2. down-sampling matrix F according to the method described in claim 1, is utilized wherein in step (1), by raw video image collection X Down-sampling video image collection Y is converted to, is that down-sampling matrix F is multiplied by with raw video image, i.e.,：

Y=FX,

Wherein,M represents the size of raw video image block, L_lRepresent each sample of down-sampling video image collection The quantity of image block, L in this_hRepresent the quantity of image block in each sample of raw video image collection, and L_h=r × L_l, r represents Multiplication factor of the down-sampling video image collection to raw video image collection on time dimension.
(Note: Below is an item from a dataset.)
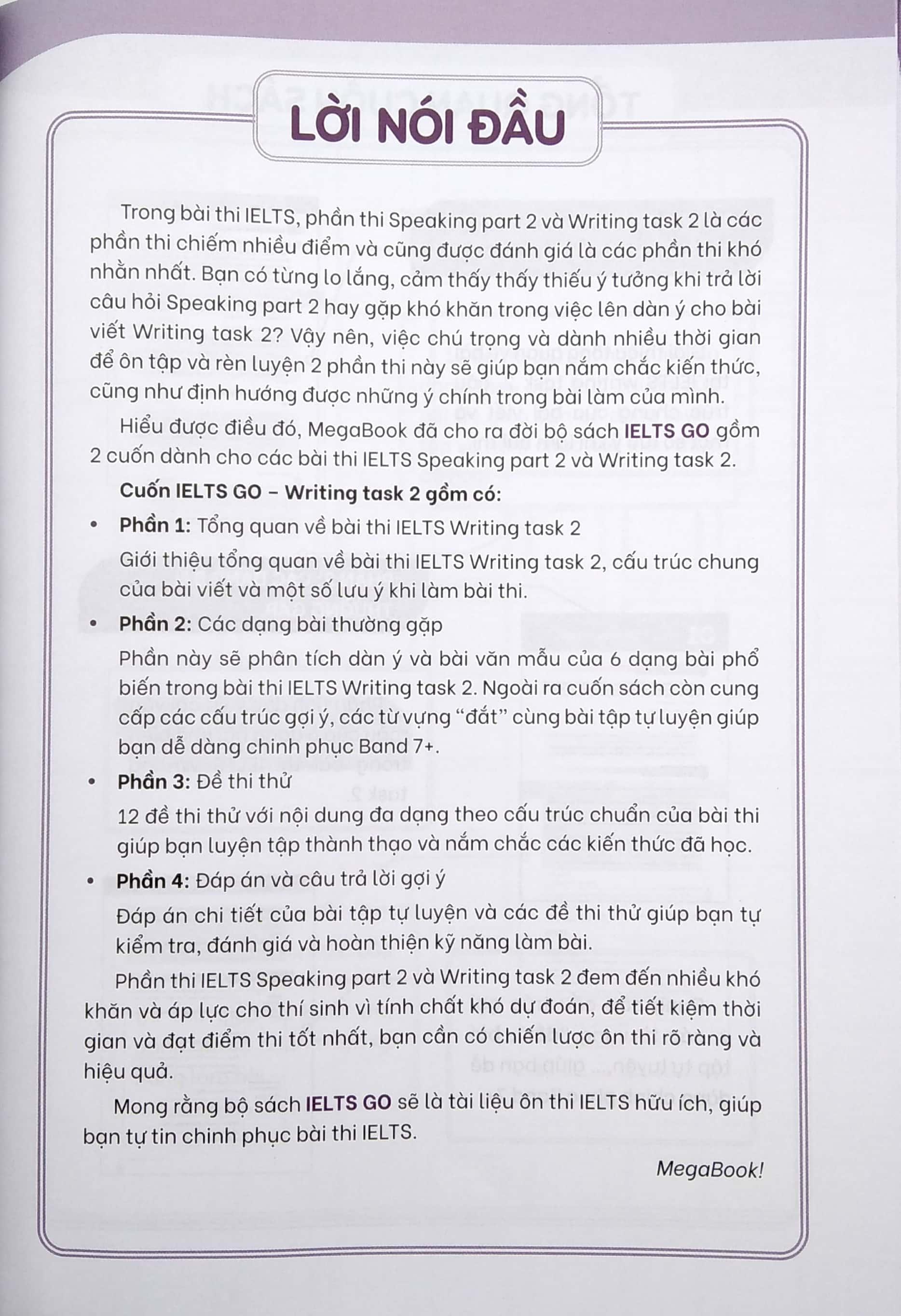 Nội dung cuốn sách "IELTS GO - Writing task 2 - Dàn ý mẫu cho tất cả các dạng bài" được hệ thống một cách khoa học, logic:

It is basis 3. according to the method described in claim 1, determining the input layer number of neutral net wherein in step (2a) Input the video frame number of training sample to determine, i.e., input layer number is equal in each sample of down-sampling video image collection and schemed As the quantity L of block_l。

It is basis 4. according to the method described in claim 1, determining the output layer nodes of neutral net wherein in step (2a) Export the video frame number of training sample to determine, i.e., output layer nodes are equal to image in each sample of raw video image collection The quantity L of block_h。

It is to pass through 5. according to the method described in claim 1, determining the hidden layer nodes of neutral net wherein in step (2a) Experiment regulation is determined.